PROVIDED DATA
•••••
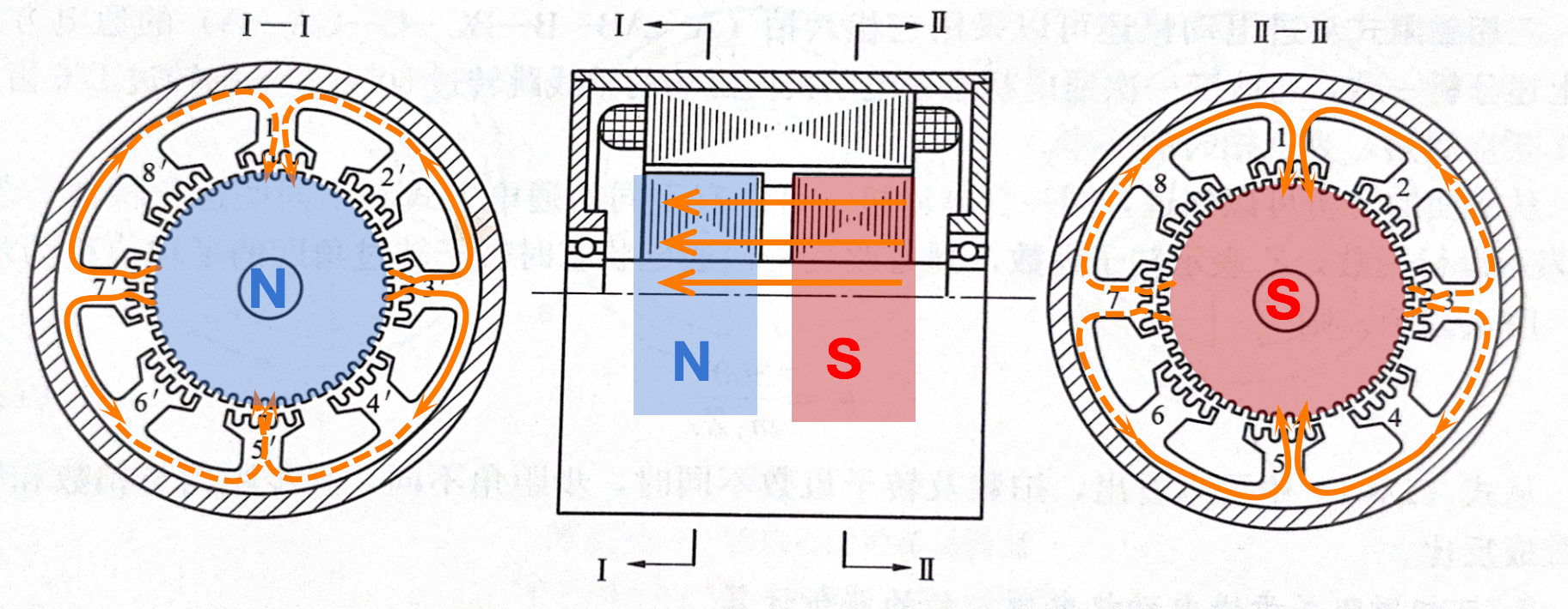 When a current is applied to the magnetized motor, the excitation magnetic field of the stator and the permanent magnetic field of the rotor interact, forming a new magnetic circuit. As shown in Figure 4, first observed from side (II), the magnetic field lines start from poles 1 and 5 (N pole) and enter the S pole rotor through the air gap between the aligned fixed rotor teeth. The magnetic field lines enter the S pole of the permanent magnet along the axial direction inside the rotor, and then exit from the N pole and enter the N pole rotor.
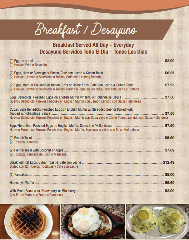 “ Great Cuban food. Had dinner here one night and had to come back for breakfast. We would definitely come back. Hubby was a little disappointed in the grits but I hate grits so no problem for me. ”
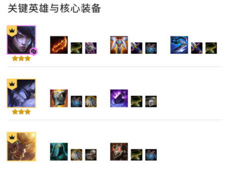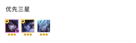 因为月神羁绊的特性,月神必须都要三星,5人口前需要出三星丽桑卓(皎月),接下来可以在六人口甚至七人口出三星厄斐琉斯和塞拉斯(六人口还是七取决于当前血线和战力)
•••••
WHAT TO DO
The answer must be the full listing retyped exactly, with no pictures in it.

ANSWER TO THIS PROBLEM
 When a current is applied to the magnetized motor, the excitation magnetic field of the stator and the permanent magnetic field of the rotor interact, forming a new magnetic circuit. As shown in Figure 4, first observed from side (II), the magnetic field lines start from poles 1 and 5 (N pole) and enter the S pole rotor through the air gap between the aligned fixed rotor teeth. The magnetic field lines enter the S pole of the permanent magnet along the axial direction inside the rotor, and then exit from the N pole and enter the N pole rotor.
 “ Great Cuban food. Had dinner here one night and had to come back for breakfast. We would definitely come back. Hubby was a little disappointed in the grits but I hate grits so no problem for me. ”
 因为月神羁绊的特性,月神必须都要三星,5人口前需要出三星丽桑卓(皎月),接下来可以在六人口甚至七人口出三星厄斐琉斯和塞拉斯(六人口还是七取决于当前血线和战力)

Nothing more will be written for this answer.